Li Ang era consciente, incluso mientras las pronunciaba, de lo engoladas que sonaban sus palabras.
– Para esta gente las bodas no cristianas no cuentan. Mira a Chang Kai-chek.
Li Ang no respondió.
Li Bing cogió el paquete de Lucky Strike. Le quitó el mechero a su hermano y encendió la llama, que relumbró anaranjada entre sus largos dedos.
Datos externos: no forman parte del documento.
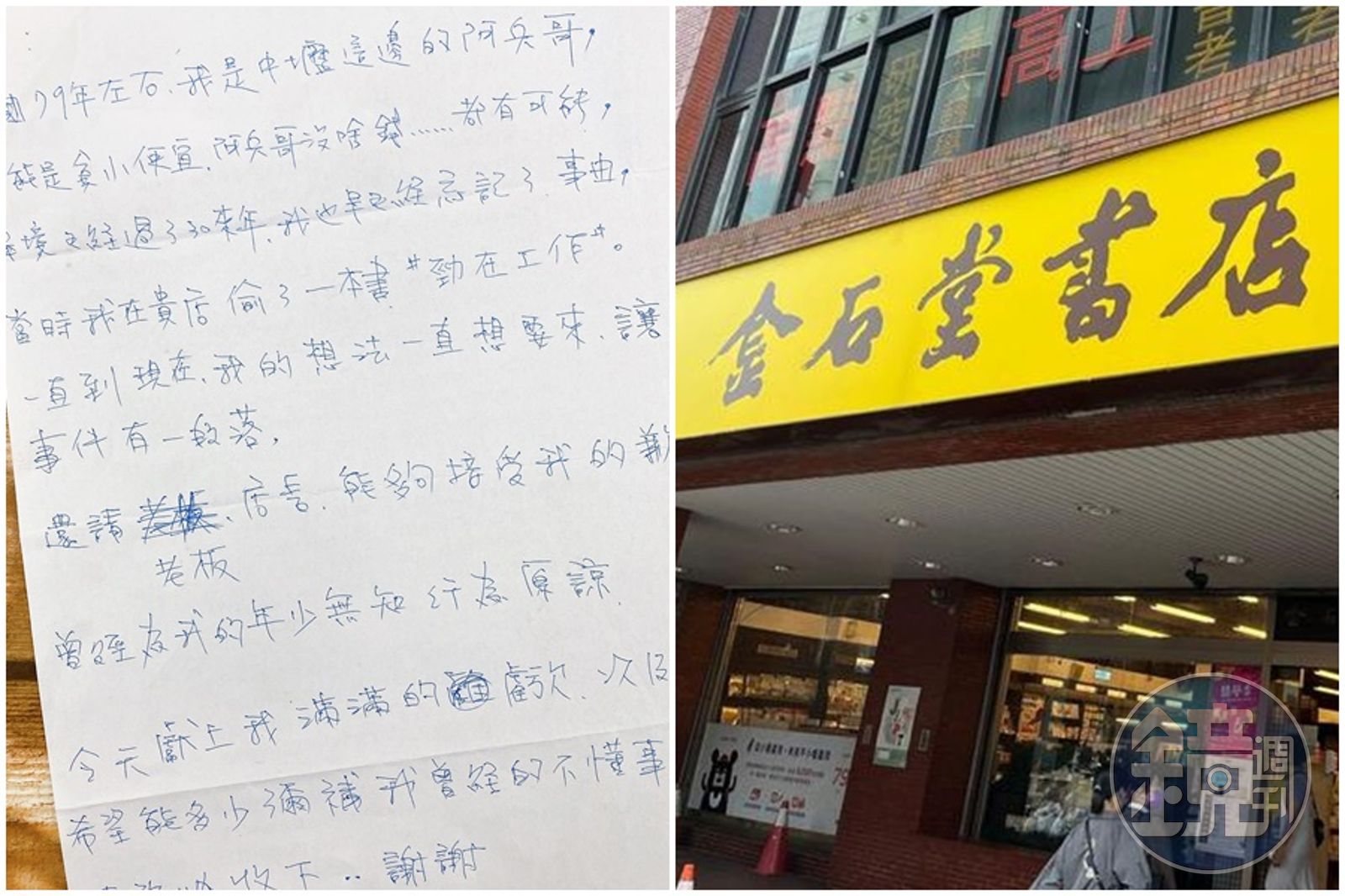 金石堂小編3日在臉書粉專透露,金石堂2022年年末收到了一封信署名「中壢阿兵哥」的道歉信,當事人自白30多年前因為一時貪小便宜,在店裡偷了一本書《勁在工作》,信中寫道「民國79年左右…我在貴店偷了一本書。可能是因為貪小便宜、可能是因為阿兵哥沒什麼錢,過了30來年,我早已經忘記了事由,但直到現在,我一直想讓這件事有一個段落。」他在信中夾帶3,000元現金,盼老闆能接受他的道歉,為當年的不懂事買單。

– Tengo más noticias -dijo-. Zhou En-lai me ha destinado a una aldea del norte. Voy a ayudar a desarrollar el potencial revolucionario de las áreas rurales.
– ¿Qué quieres decir?
– Que me voy de la ciudad -dijo Li Bing-. Lo he pensado bastante y no tengo motivos para no hacerlo. Las cosas están cambiando en este país. La gente está empezando a darse cuenta de que no tiene por qué sufrir acosos ni intimidaciones.
– Así que te vas.
– Sí. Por lo menos hasta el año que viene.
Más tarde, esa misma noche, al volver andando a su apartamento tras la cena en casa del general Hsiao, Li Ang repasó mentalmente la charla con su hermano y se preguntó si podría haberle dicho algo para disuadirlo de su propósito. No lo sabía.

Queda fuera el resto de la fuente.